X_train = final_data
y_train = data_train["target"]

I will use the RandomSearchCV method to find the best parameter in the given possibilities. I don't use grid search because the dataset is quite large and trying every possibility would not be optimal. Randomized search does a similar thing with the grid search but doesn't try every combination, rather it tries random combinations.

In [None]:

# Define the parameter grid for RandomizedSearchCV
param_distributions = {
    'n_estimators': [50, 100, 200, 300],  # Number of trees in the forest
    'max_depth': [None, 10, 20, 30, 50],  # Maximum depth of the tree
    'min_samples_split': [2, 5, 10],      # Minimum samples to split an internal node
    'min_samples_leaf': [1, 2, 4],        # Minimum samples at a leaf node
    'bootstrap': [True, False]            # Whether bootstrap samples are used
}

# Set up RandomizedSearchCV
random_search = RandomizedSearchCV(
    estimator=model_1,
    param_distributions=param_distributions,
    n_iter=10,           # Number of random combinations to try
    cv=5,                # 5-fold cross-validation
    scoring='accuracy',  # Use accuracy as the scoring metric
    n_jobs=-1,           # Use all processors
    random_state=0,      
)

# Fit the model to find the best parameters
random_search.fit(X_train, y_train)

# Drop the 'id' column from the test dataset
data_test_ids = data_test['id']  # Store the 'id' column separately before dropping it
data_test = data_test.drop(columns=["id"])  # Drop the 'id' column first

# Standardize the features in the test dataset
scaled_features_test = scaler.transform(data_test)  # Using the same scaler fitted on training data
scaled_data_test = pd.DataFrame(scaled_features_test, columns=["feature_05","feature_20","feature_08","feature_01"])

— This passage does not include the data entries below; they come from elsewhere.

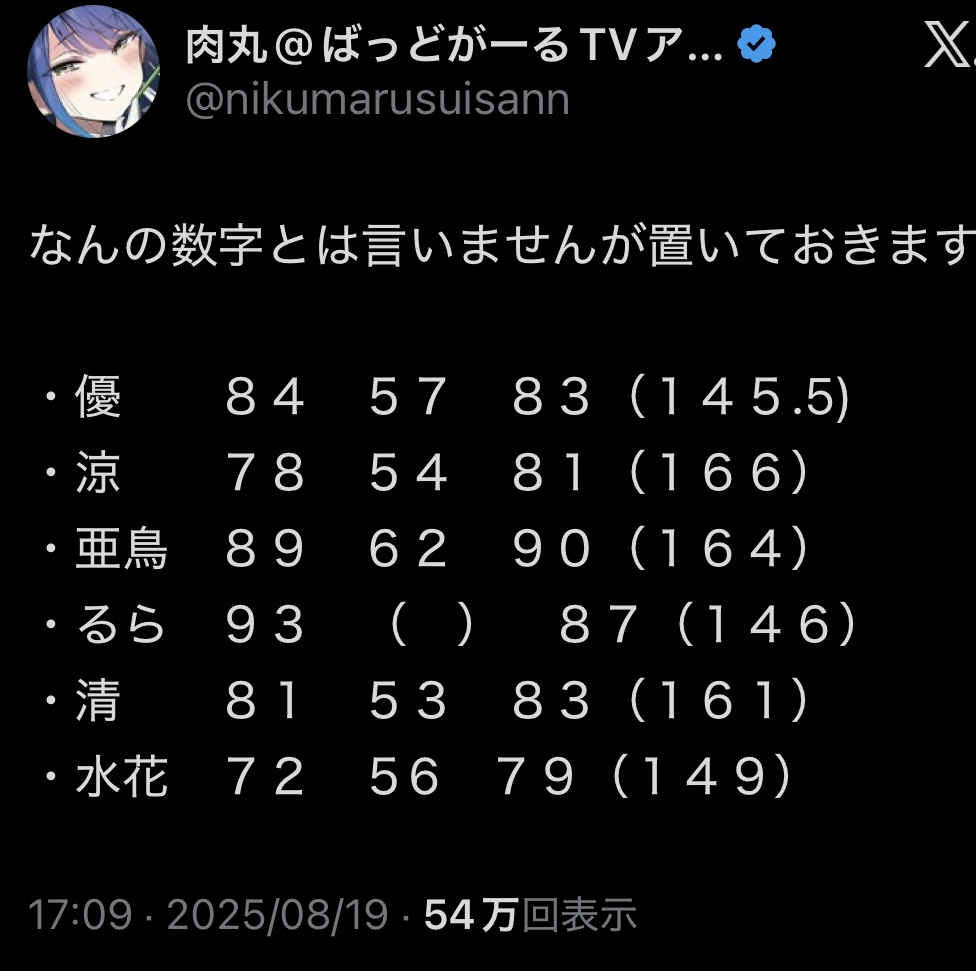 | … | 4025/08/26(火)01:39:51No.1346973949+>肝心の優ちゃんのばっどがーるのフリがハッキリ言って特に先輩の気を引くことに関して最善手ではないのが吹く |
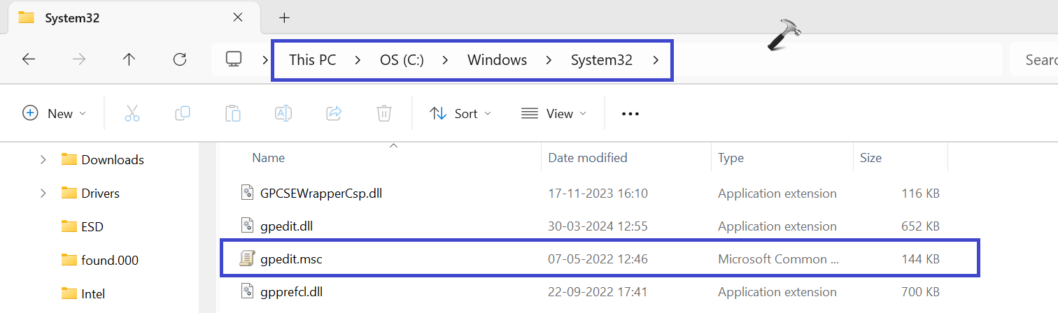 1。ファイルエクスプローラーを開きます。タイプ "gpedit.msc」検索ボックスに。
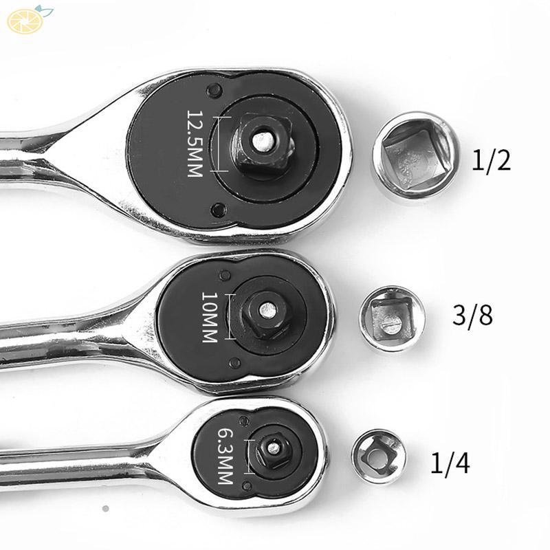 Cờ lê hai đầu tay cầm màu đen và bạc 107mm ren 1/4" đảo chiều nhanh
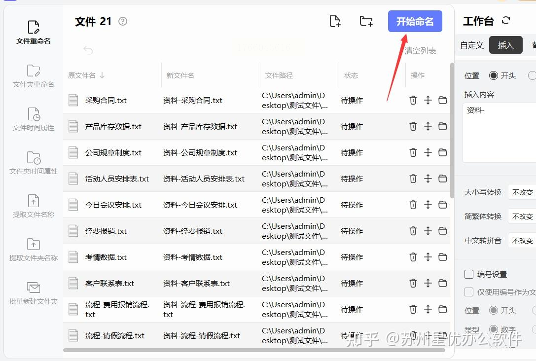 步骤四:勾选「模拟执行」先测试效果,确认无误后点击「开始」,软件会显示每个文件的处理状态(成功/失败),方便追踪问题。
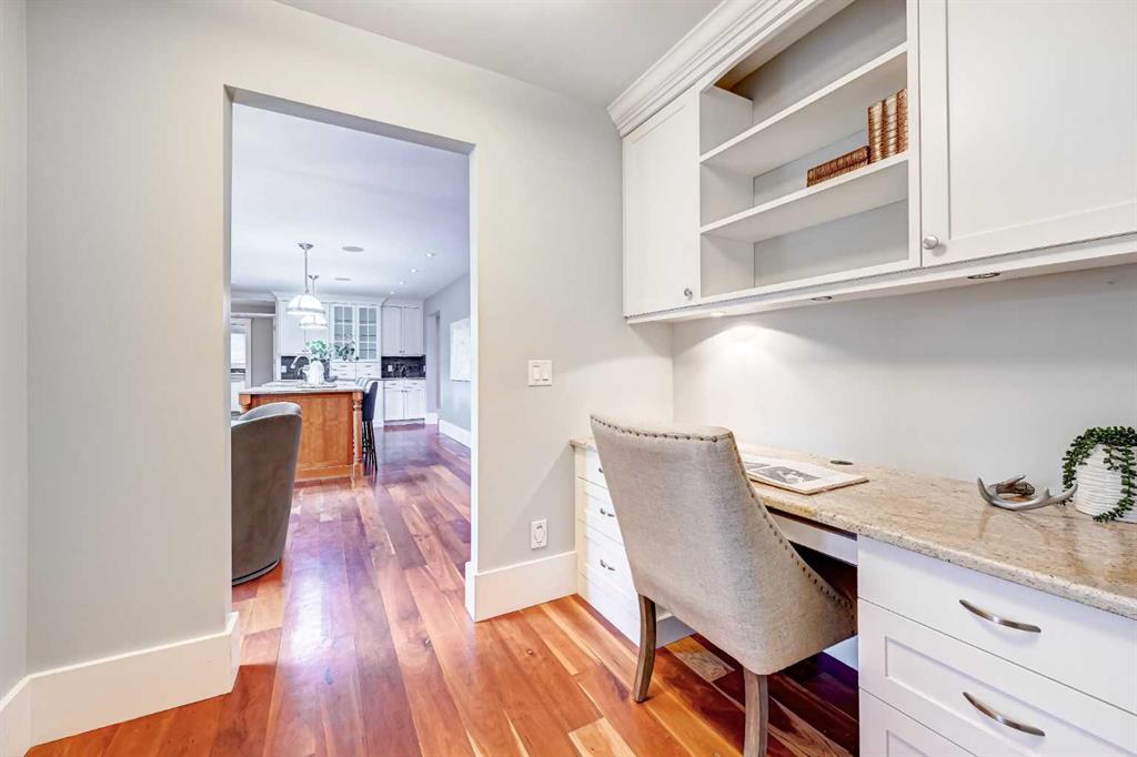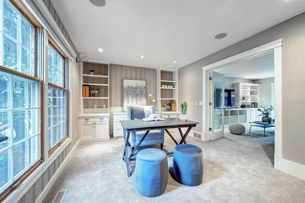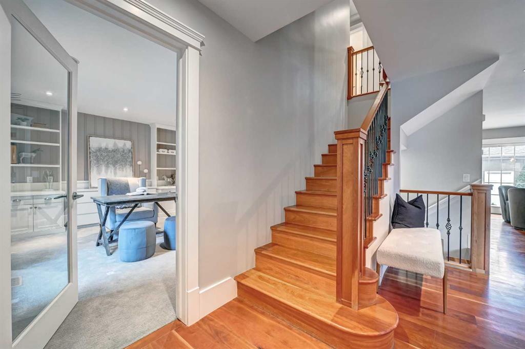 The main floor features stunning site-finished hardwood, abundant natural light, a private front entry, and a spacious office with built in shelving at the front of the home. Thoughtfully designed for family living, the layout includes a formal living room with a wood-burning fireplace, an elegant dining room, an inviting family room with additional built-in shelving, and french doors opening to the large deck and backyard, and an additional office space.
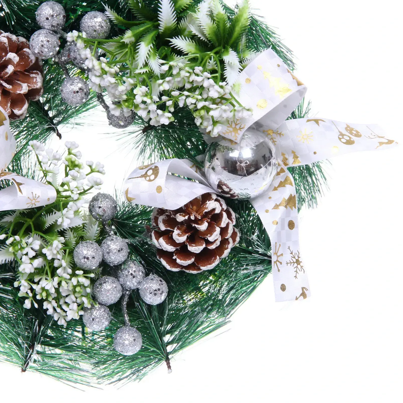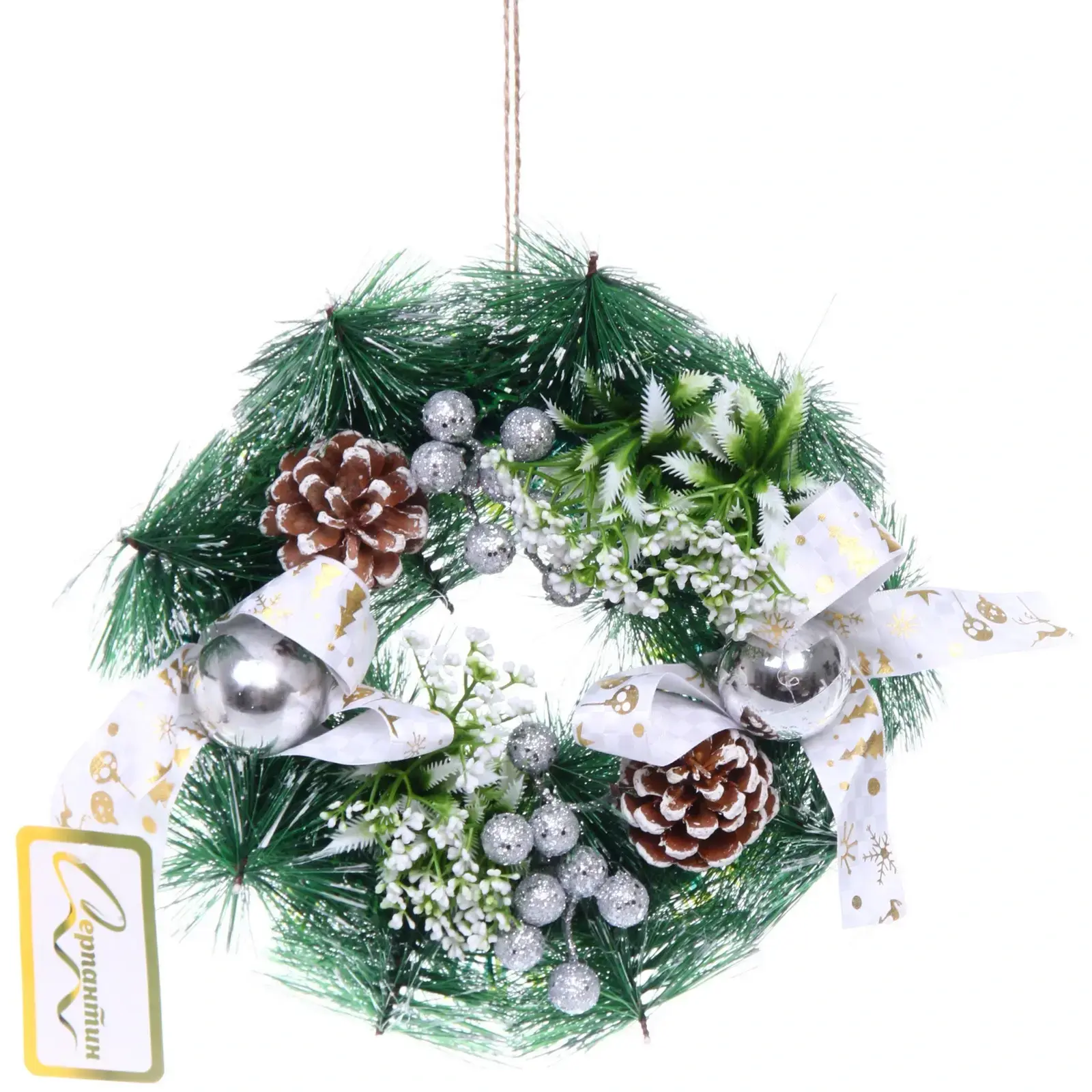 Венок новогодний 'Лесное очарование' d-25см, серебро/зеленый, металл/пластик
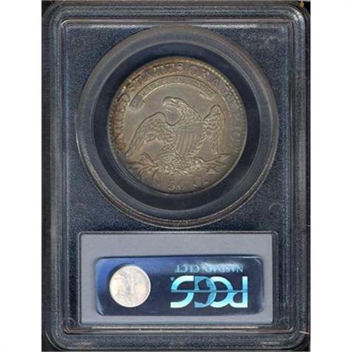 <b>1827 Capped Bust Half Dollar. Square base 2. PCGS graded AU50.</b> Smooth, toned surfaces display pale blue and gold iridescence on both sides, with choice light gray base of color <b>(PCGS # 6144)</b>
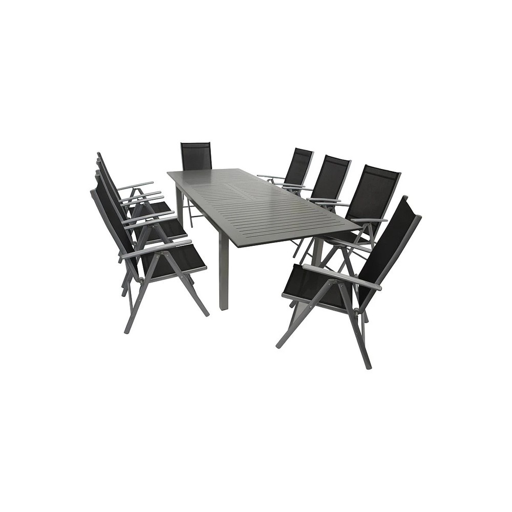 Diese 9-teilige Garnitur vereint modernes Design, hochwertige Materialien und durchdachte Funktionalität und ist ideal für Garten, Terrasse oder größere Balkone. Sie besteht aus acht Klappsesseln mit Armlehnen und einem großen Ausziehtisch, die zusammen ein komfortables und flexibles Ess- und Sitzensemble bilden. Die Sessel verfügen über ein stabiles Aluminiumgestell mit grauem Finish, das pulverbeschichtet ist und dadurch besonders widerstandsfähig gegen Witterungseinflüsse, Kratzer und Korrosion bleibt. Sitz und Rücken sind mit schwarzem Textilgewebe bespannt, das pflegeleicht, atmungsaktiv und bequem ist. Mit den Maßen von ca. 56 cm Breite, 107 cm Höhe und 66 cm Tiefe bieten die Sessel großzügigen Komfort, während die Klappfunktion ein platzsparendes Verstauen und flexibles Umstellen ermöglicht. Der Ausziehtisch besteht ebenfalls aus robustem Aluminium mit grauem Finish, pulverbeschichtet, und verfügt über eine Tischplatte mit Rillen, die nicht nur optisch Akzente setzt, sondern auch das Wasserablaufen erleichtert. Mit den Maßen von ca. 174 cm Breite, 76 cm Höhe und 100 cm Tiefe im Standardzustand bietet der Tisch ausreichend Platz für Mahlzeiten und Getränke. Dank der praktischen Auszugsfunktion lässt sich die Tischfläche bei Bedarf auf ca. 244 cm Breite erweitern und schafft zusätzlichen Raum für Gäste oder größere Tischdekorationen. Dieses Set überzeugt durch praktische Klappsessel, flexiblen Tischgebrauch und modernes Design und bietet eine stilvolle Lösung für gesellige Stunden im Außenbereich.
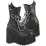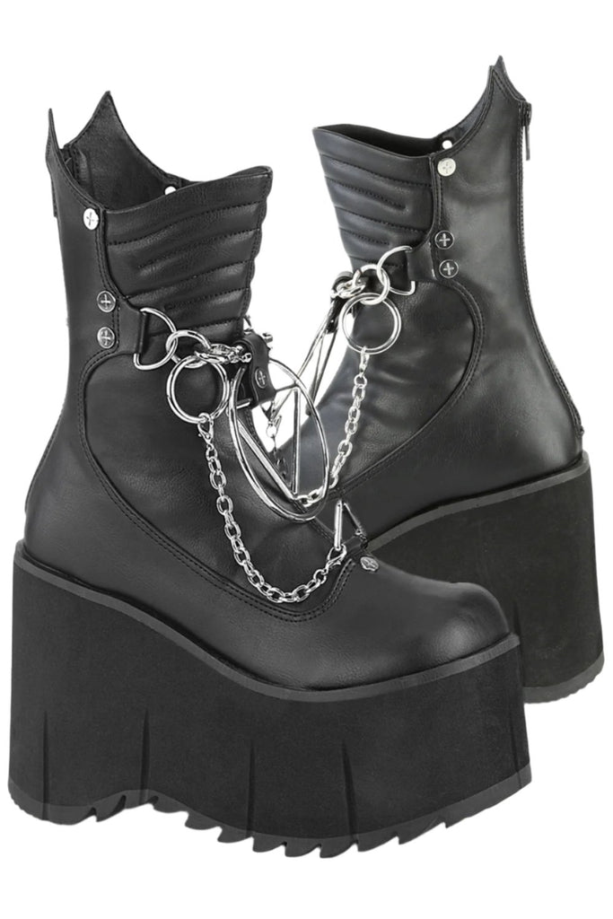 The DemoniaCult KERA-130 Black Vegan Leather Boots are more than just footwear; they're a statement piece that empowers you to embrace your individuality and conquer the world with confidence and style. Order yours today and turn every step into a powerful strut!

# Drop the same columns as done for the training dataset
final_test_data = scaled_data_test.drop(columns=high_vif_values)


best_rf = random_search.best_estimator_
y_pred_1 = best_rf.predict(final_test_data)


# Create the submission DataFrame
submission = pd.DataFrame({
    'id': data_test_ids,  # Use the stored 'id' values
    'yield': y_pred_1
})

# Save the submission file
submission.to_csv('submission1.csv', index=False)

print("Submission file created: submission1.csv")

I would use the something like XGBoost classifier for the second model but I won't do that now. Because all the remaining features have a Gaussian distribution and I won't miss the opportunity to use the Gaussian Naive Bayes (GNB) classifier. GNB classifier assumes that the distribution of all features is Gaussian and all features are conditionally independent. The second assumption doesn't fit our case completely but given that I removed some of the correlated features and the features weren't that much correlated at the beginning, I think that assumption wouldn't hurt.

In [None]:
from sklearn.naive_bayes import GaussianNB

# Initialize Gaussian Naive Bayes
gnb = GaussianNB()

# Train the model
gnb.fit(X_train, y_train)

# Make predictions
y_pred_2 = gnb.predict(final_test_data)


# Create the submission DataFrame
submission = pd.DataFrame({
    'id': data_test_ids,
    'target': y_pred_2
})

# Save the submission file
submission.to_csv('submission2.csv', index=False)

print("Submission file created: submission2.csv")

Since GNB classifier is a simple model, it doesn't require custom parameters as other models do. So just initializing and using it is sufficient.

# Conclusion

The accuracy score for the RandomForestClassifier is 86%, while for the Gaussian Naive Bayes (GNB), it is 66%. This likely indicates that the independence assumption of the GNB does not align well with our data. However, GNB is significantly more computationally efficient than the RandomForestClassifier. Therefore, in scenarios where computational efficiency is a priority and high accuracy is not critical, GNB might still be a feasible choice.